Philip Howard bought a copy of “War and Peace” on his Nook in 2012:
As I was reading, I came across this sentence: “It was as if a light had been Nookd in a carved and painted lantern…” Thinking this was simply a glitch in the software, I ignored the intrusive word and continued reading. Some pages later I encountered the rogue word again. With my third encounter I decided to retrieve my hard cover book and find the original (well, the translated) text.
For the sentence above I discovered this genuine translation: “It was as if a light had been kindled in a carved and painted lantern…”

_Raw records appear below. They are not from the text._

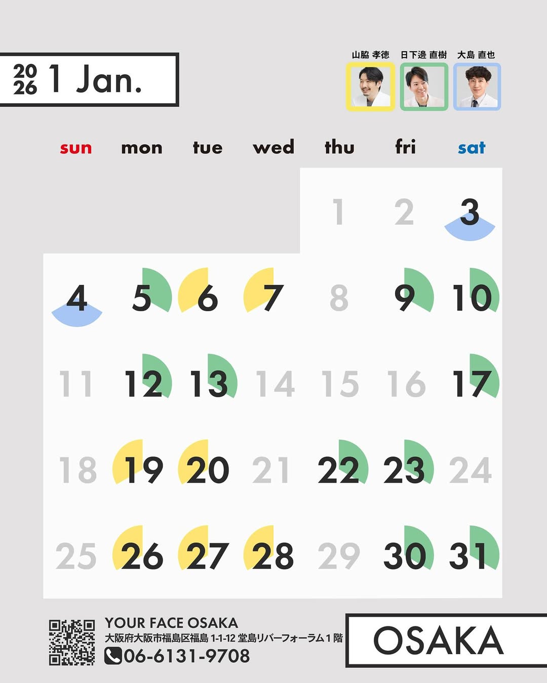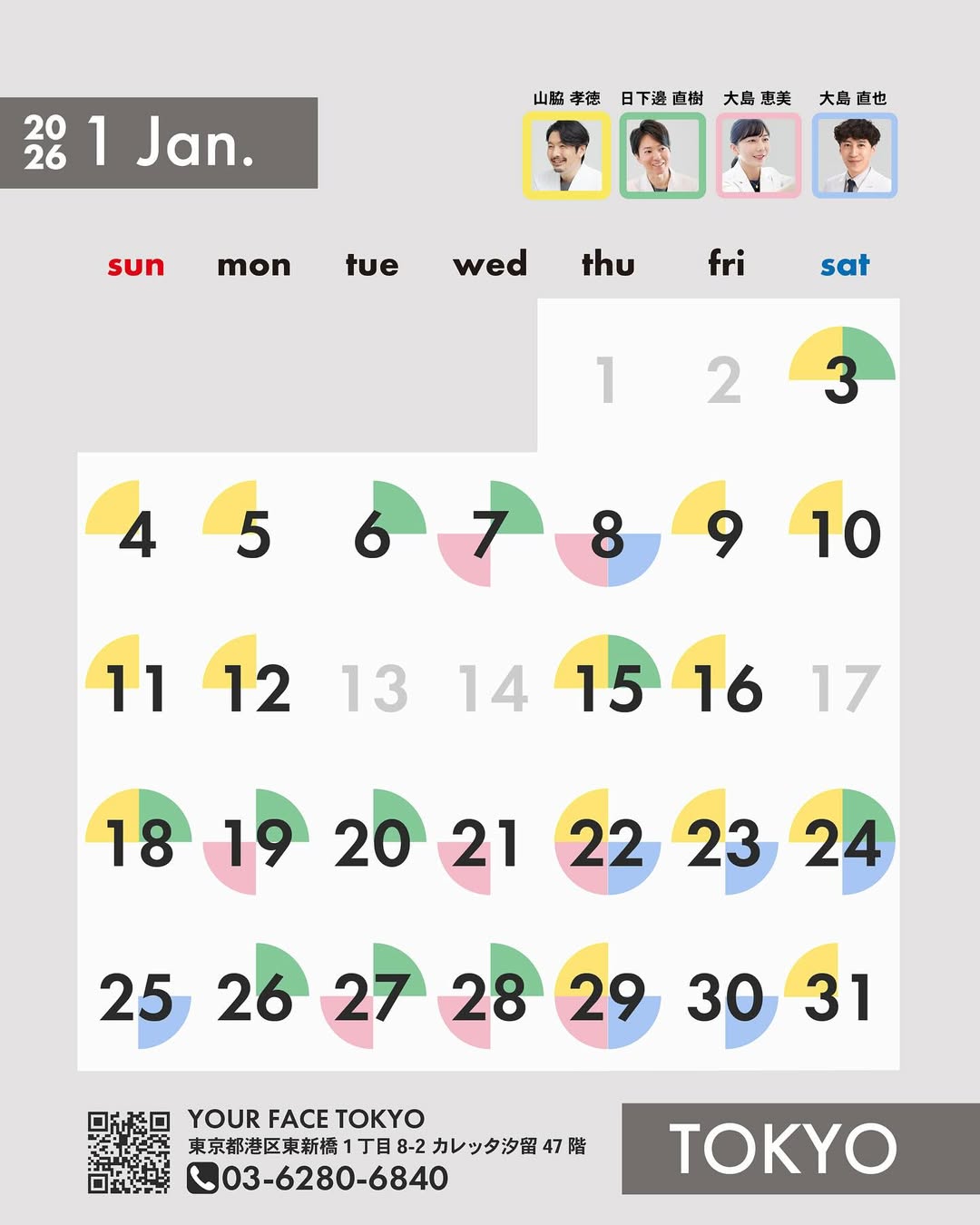 2026年1月の診療日及び医師勤務日をお知らせいたします。
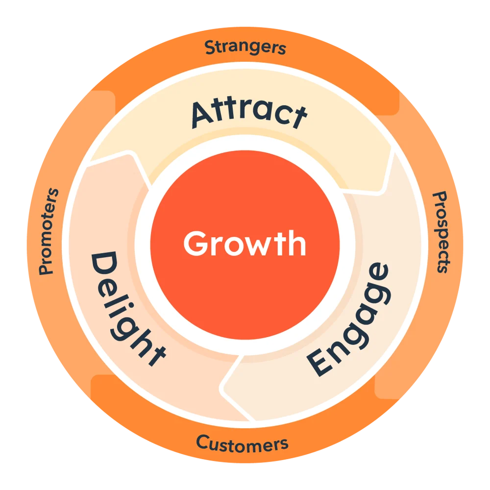 هذا ما يسمى بالقمع التسويقي، ولكن هذا القمع ليس دائماً هو أمثل حل لبناء نظام توسّعي فعّال لمشروعك؛ حيث ينظر نظام القمع التسويقي للعميل على أنه النتيجة النهائية في حين أن هذا لا يضمن لك مبيعاتٍ مستمرة. على الصعيد الآخر هناك نظام يسمى flywheel أو “العجلة الدوارة” وهو مبني على خلق زخم من الطاقة عندما تبدأ في خلق تجربة عميل مثالية… العميل يصبح محركاً للنمو القادم وليس هو نتيجتك النهائية…
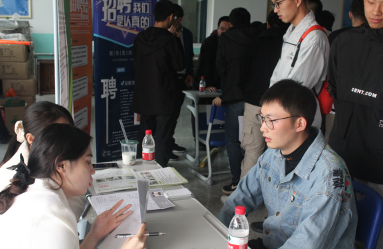 招聘会中,应聘学生签到后了解企业需要的人才和未来的薪酬区间,并将简历投递给自己心仪的公司,与企业负责人进行了交流,争取入职机会。期间,刘剑坤书记一行人向每个企业代表表达谢意,并表示,学院愿意为用人单位提供力所能及的帮助,愿意为企业和学生建立良好的沟通互动平台,也希望用人单位能积极录用我院应聘学生。
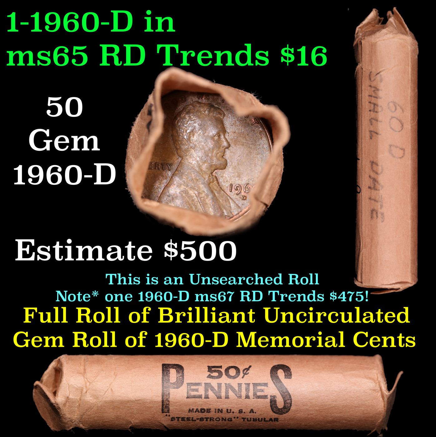 Shotgun Lincoln 1c roll, 1960-d 50 pcs Steel-Strong Wrapper . A terrific Shotgun roll of Lincoln cents. All coins cherry red. Trends ms65 rd $16
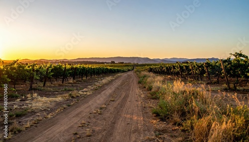 © Kitta Studio, Naklejka premium Serene Vineyard Pathway at Sunset with Lush Grapevines in View
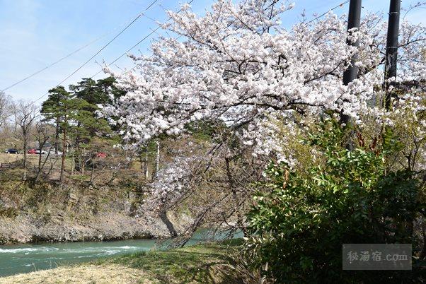 熱めの湯の方がお湯の良さを実感できるのですが、せっかく桜が咲いていたので長湯するためにぬる目にしました。
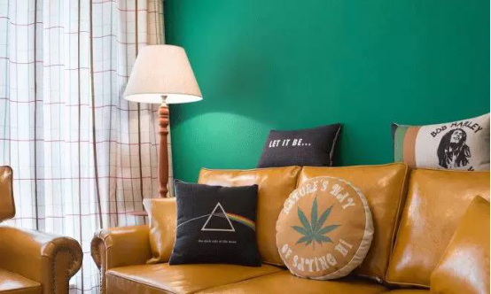 高級的配色會(huì)讓房間質(zhì)感提高好幾個(gè)檔次哦。墨綠色干凈大膽,很有沖擊力,無可厚非地成為客廳的亮點(diǎn)。

Imagine if, in a hundred years’ time, the version of “War and Peace” that was being read in schools was the former, and then someone discovered that “Nookd” was a mistranslation because someone had lazily done a find-and-replace to substitute trademarked product names.
John Bowers, Clare Stanton, and Jonathan Zittrain, writing in May for Columbia Journalism Review:
We found that of the 553,693 articles within the purview of our study — meaning they included URLs on nytimes.com — there were a total of 2,283,445 hyperlinks pointing to content outside of nytimes.com. Seventy-two percent of those were “deep links” with a path to a specific page, such as example.com/article, which is where we focused our analysis (as opposed to simply example.com, which composed the rest of the data set).

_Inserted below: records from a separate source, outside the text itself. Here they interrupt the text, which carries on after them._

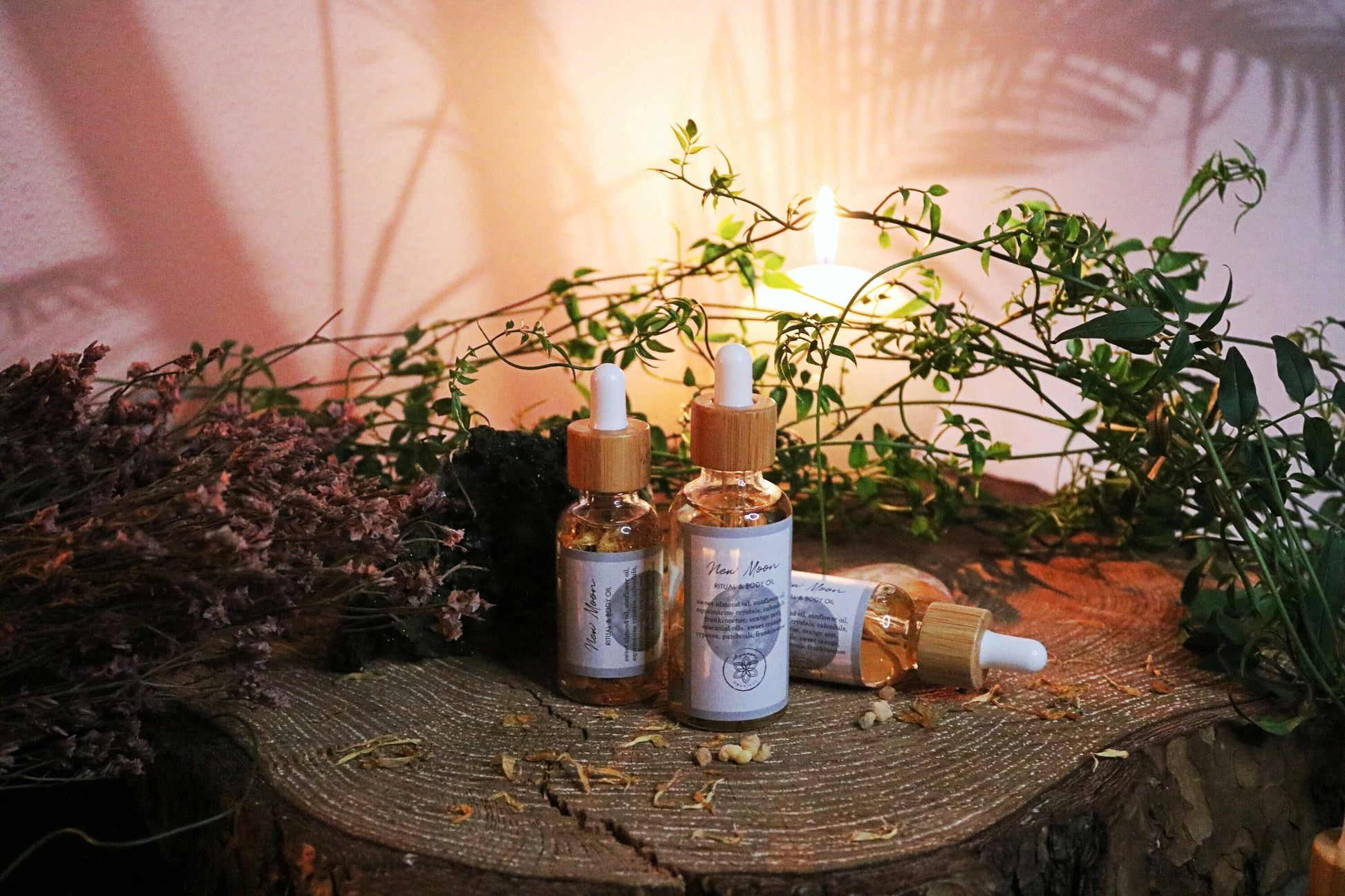 NIEUWE MAAN RITUEEL LICHAAMSOLIE MET KRISTLALLEN
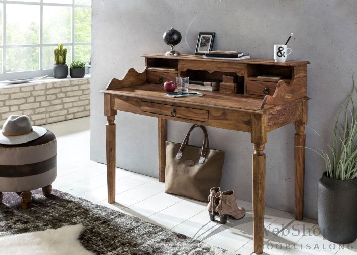 Naturaalsest viimistlemata India roosipuust kirjutuslaud. Laual on 3 sahtlit. Sahtlid liiguvad avas siinideta. Iga toode on originaalne ja võib erineda pildil olevast, sest on naturaalsest puidust.
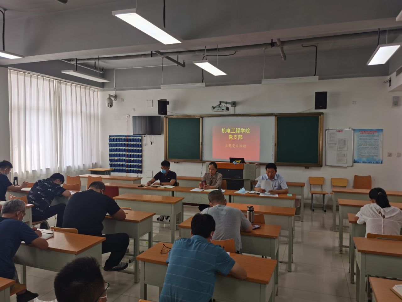 积极主动 ,教学生活放光彩。在教学过程中除了完成教学任务之余,教研部每一位成员积极参加校内的活动。“入党为了什么,为党做了什么”演讲比赛,我教研部成员荣获机电工程学院二等奖;庆祝建党100周年晚会筹备过程中,我部人员踊跃报名,2人参与诗歌朗诵,1人参与了大合唱;积极参与党课培训,加强党史学习,提高党性觉悟。在繁忙的工作之余,充分利用好每一次机会,劳与逸做到完美结合,让教学生活丰富多彩。

Of these deep links, 25 percent of all links were completely inaccessible. Linkrot became more common over time: 6 percent of links from 2018 had rotted, as compared to 43 percent of links from 2008 and 72 percent of links from 1998. Fifty-three percent of all articles that contained deep links had at least one rotted link.

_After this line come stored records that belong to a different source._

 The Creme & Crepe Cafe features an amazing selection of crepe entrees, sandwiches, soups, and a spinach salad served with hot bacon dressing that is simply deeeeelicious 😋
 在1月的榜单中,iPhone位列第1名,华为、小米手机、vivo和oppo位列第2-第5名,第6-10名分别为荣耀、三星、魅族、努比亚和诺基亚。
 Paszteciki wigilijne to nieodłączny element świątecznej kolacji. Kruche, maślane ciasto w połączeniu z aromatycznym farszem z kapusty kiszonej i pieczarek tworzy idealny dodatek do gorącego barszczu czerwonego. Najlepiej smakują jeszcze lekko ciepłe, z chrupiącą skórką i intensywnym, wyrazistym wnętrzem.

This was a sample data set from 1996 through mid-2019, but maybe the most shocking number is the 2018 one: after just a year, one in every sixteen links from the Times’ website to an external source had stopped working. The Times already has an attribution problem; this just makes it worse. The researchers point out that URLs within U.S. Supreme Court opinions fare even worse, with about half of links not working as originally intended.
Zittrain and colleagues created Perma.cc to try to solve this problem, particularly for legal and scholarly users. It is a good, necessary effort that uses the Internet Archive’s engine to build permanent links to pages that Perma.cc promises are, indeed, permanent.
But while you would think all permalinks on the web would be permanent, just like you might think permafrost would never thaw — the “perma” is a pretty big clue — but it turns out that language is funny like that.
In my testing, Perma.cc worked fine for text-based pages, but failed to capture video files on YouTube. That is broadly the case with other archival methods; there simply is not a large-scale effective YouTube mirror. If something is removed from the world’s most popular general-purpose video hosting site, it may be lost forever.